Suassuna também não foi encontrado para comentar o caso. Em entrevista coletiva, o diretor de operações da Oi, Rodrigo Abreu, afirmou que a empresa tem colaborado com as investigações do MPF:

— Não cumpre à companhia fazer observações detalhadas sobre nenhum dos fatos investigados pelo MPF. Cabe à companhia fazer processos de auditoria interna e disponibilizar as informações solicitadas pelas autoridades.

Também alvo da operação, a Telefônica informou que vai fornecer as informações solicitadas pela PF.

As duas fontes principais e a busca por provas

Uma cadeira ao lado de delegados e procuradores que anunciaram ontem a nova fase da Lava-Jato bem que poderia ter sido reservada a Marco Aurélio Vitale, ex-diretor comercial de Jonas Suassuna no grupo Gol. É ele a fonte de quase metade das informações que serviram de munição à nova investigação, que mira o mais bem-sucedido filho do ex-presidente Lula, Fábio Luís, conhecido como Lulinha. A outra metade foi obtida em 4 de março de 2016, quando agentes da PF percorreram endereços da família Lula e de Suassuna.

Na esteira da popularidade da Lava-Jato e na condição de testemunha da relação de Lulinha com os sócios Suassuna e irmãos Bittar, Vitale escreveu em livro o que observou na convivência com os ex-colegas. Prestou dezenas de depoimentos à Polícia Federal em Curitiba.

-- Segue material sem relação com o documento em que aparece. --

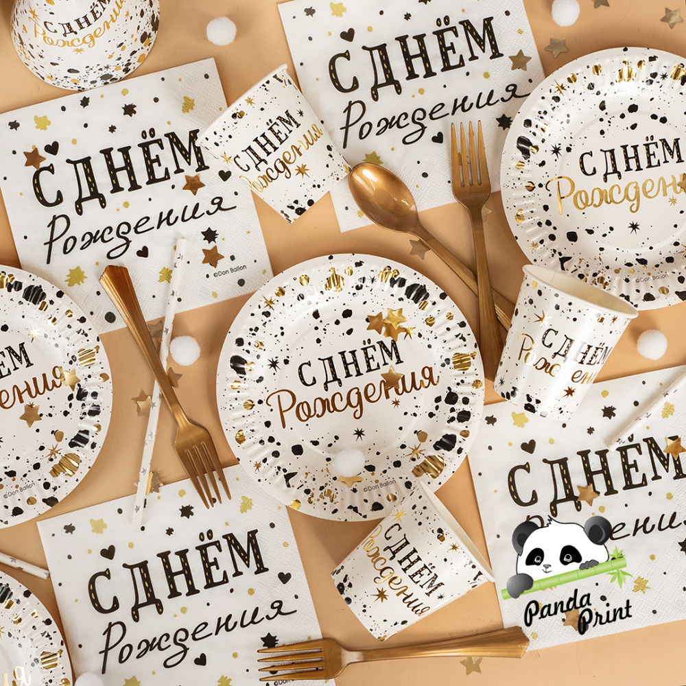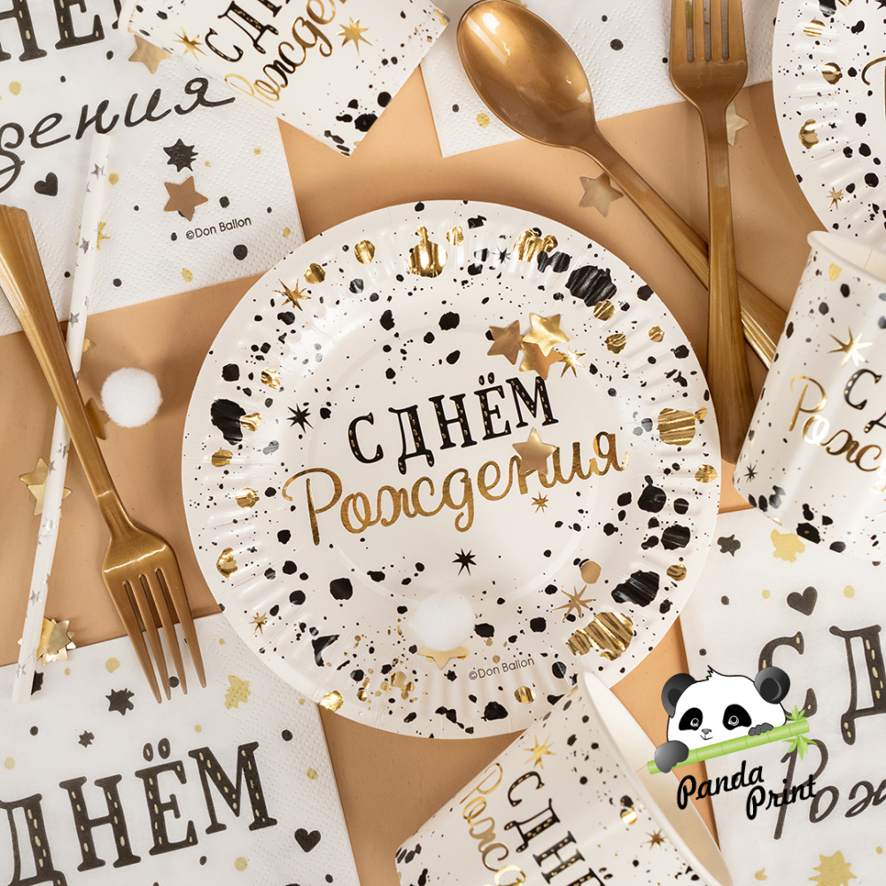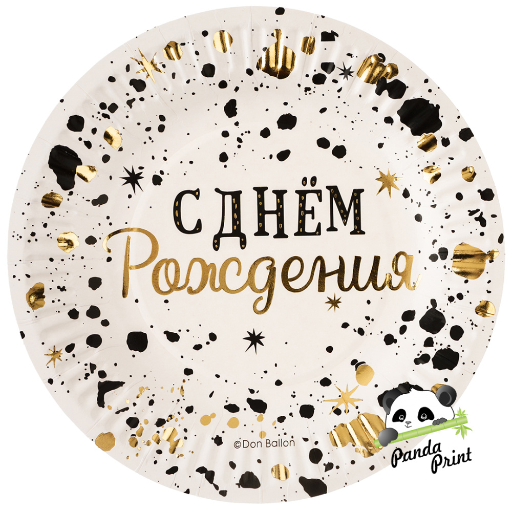 Тарелка 180 мм С Днем Рождения, Изысканный стиль, металлик, 6 шт (арт.77558)

Foi ele quem contou que a Oi pagou R$ 27 milhões por mensagens bíblicas que renderam um faturamento médio anual que mal alcançava cinco dígitos. E outros R$ 25 milhões por serviço de mensagens SMS sobre saúde e bem-estar, também um insucesso comercial.

A revelação sobre a falta de lastro para os pagamentos da Oi impulsionou a suspeita inicial das investigações, segundo a qual Suassuna e os irmãos Bittar atuavam como entrepostos de interesses da família Lula. O fato de Suassuna emitir um cheque de R$ 1 milhão, em 2010, para comprar um terreno contíguo ao sítio de Atibaia, usado pelo ex-presidente, ganhou contorno mais grave. Afinal, é dinheiro que veio de contas abastecidas por dinheiro fácil da “super tele” de Lula.

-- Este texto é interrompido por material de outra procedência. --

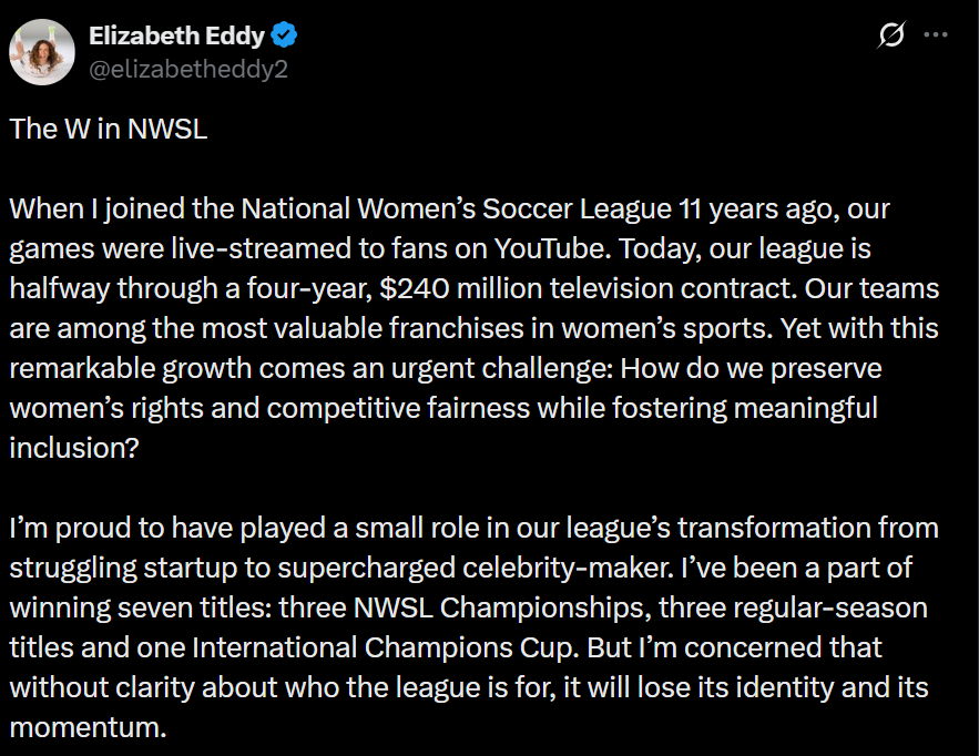 Esse é o trecho inicial do artigo de Elisabeth Eddy no New York Post: “Quando entrei para a Liga Nacional de Futebol Feminino (NWSL) há 11 anos, nossos jogos eram transmitidos ao vivo para os fãs no YouTube. Hoje, nossa liga está na metade de um contrato de televisão de quatro anos, avaliado em US$ 240 milhões. Nossos times estão entre as franquias mais valiosas do esporte feminino. No entanto, com esse crescimento notável, surge um desafio urgente: como preservar os direitos das mulheres e a competitividade justa, ao mesmo tempo que promovemos uma inclusão significativa?”

A PF concluiu, em junho de 2018, pelo indiciamento do filho do ex-presidente, solicitando medidas cautelares contra ele e outros investigados. O MPF e a Justiça Federal demoraram 18 meses para autorizar uma operação, e ainda não está clara a razão da demora. No meio deste caminho aconteceu uma eleição presidencial, equipes da força-tarefa Lava-Jato foram refeitas, mensagens particulares dos celulares de procuradores foram divulgadas e a prisão depois de segunda instância — regra que mantinha preso o ex-presidente Lula — deixou de existir.

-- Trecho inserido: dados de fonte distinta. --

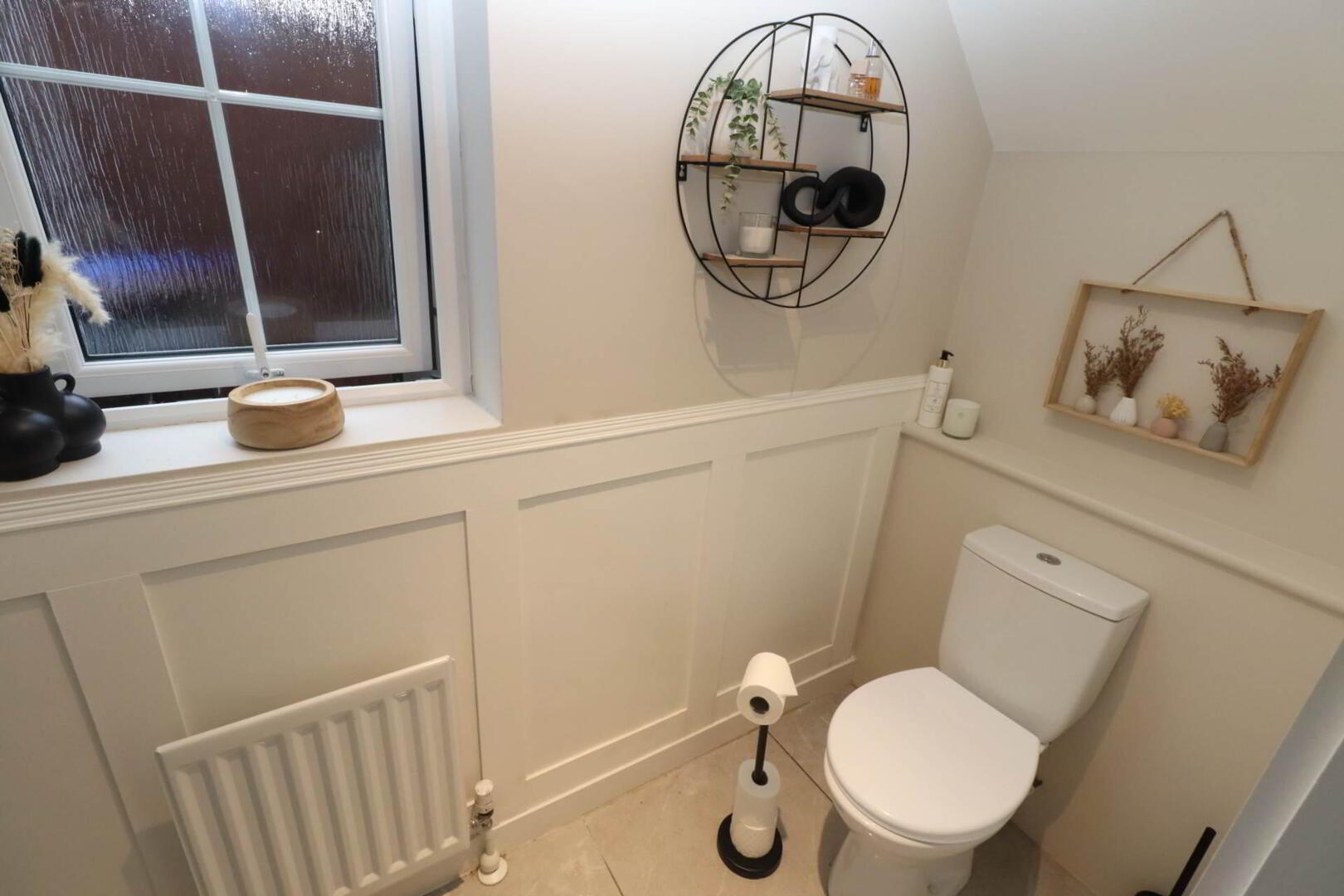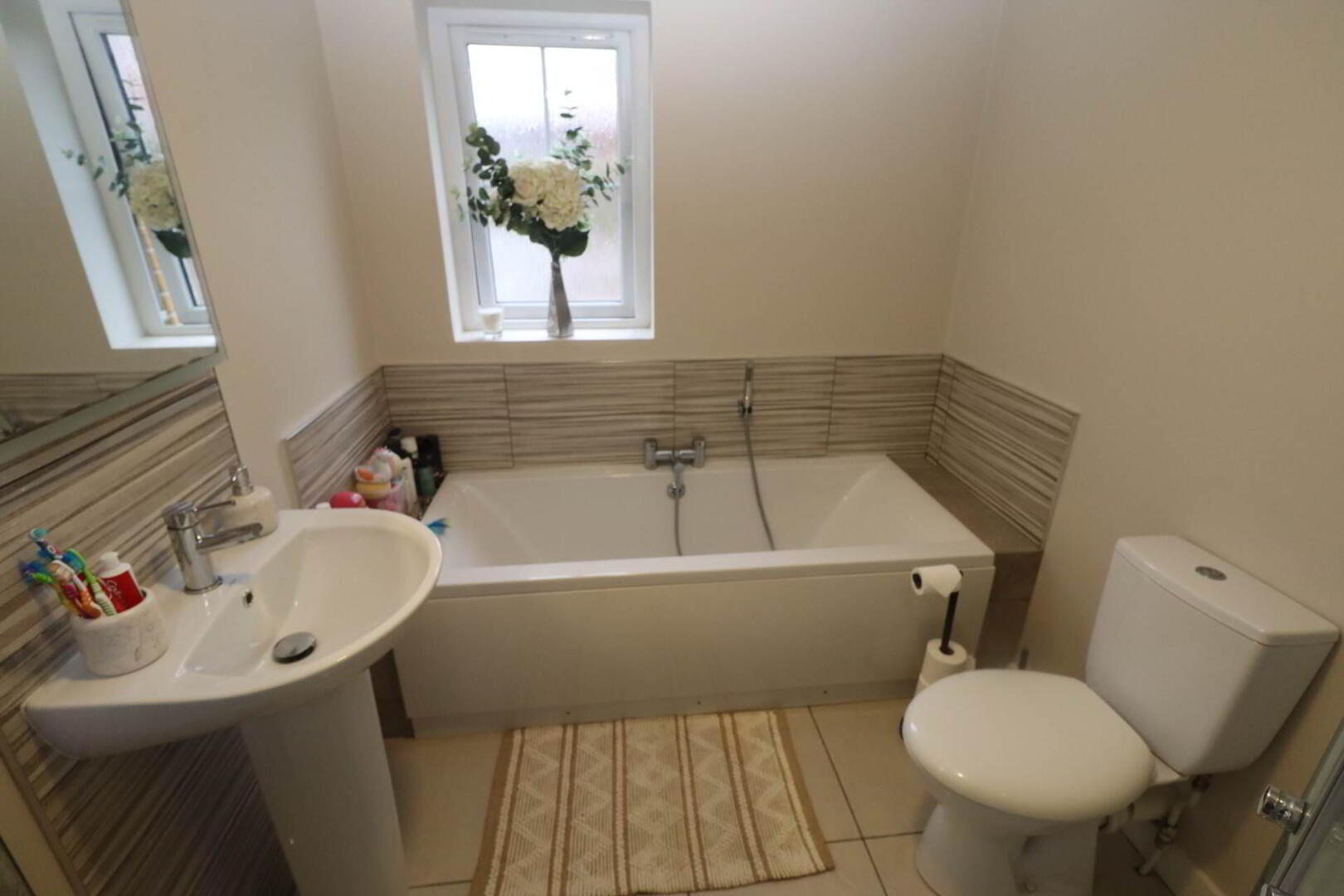 Pedestal wash hand basin, low flush W/C, ceramic tiled flooring

O debate sobre a vara de competência para tramitação do caso também entrou nessa equação. A dúvida ficou entre o Rio, sede do Grupo Gol e da Oi, e Curitiba — origem da investigação sobre a Andrade Gutierrez, controladora da tele.

Oficialmente colaboradora da Lava-Jato desde 2015, quando pagou multa de R$ 1 bilhão, a empreiteira assumiu o compromisso de promover investigações internas e esclarecer pontos trazido por investigadores. Desde então, nega ter informações a prestar sobre as relações entre Lulinha e Suassuna. Otávio Azevedo, ex-executivo, assinou um chamado “anexo negativo”, documento em que atesta não ter conhecimento de ilícitos relacionados ao episódio.

Ex-executivos da empresa citam os pagamentos ao filho do ex-presidente e seus sócios como apostas comerciais malsucedidas. A PF e o MPF sustentam que pagamentos podem estar relacionados à ação executiva do presidente Lula que permitiu a fusão da Oi com a Brasil Telecom. Até aqui, ainda não há documento que comprove a tese. “Temos que aguardar o resultado das buscas, amadurecer esta investigação neste aspecto”, disse o procurador Roberson Pozzobon. Obter essa prova é atualmente o maior desafio da investigação.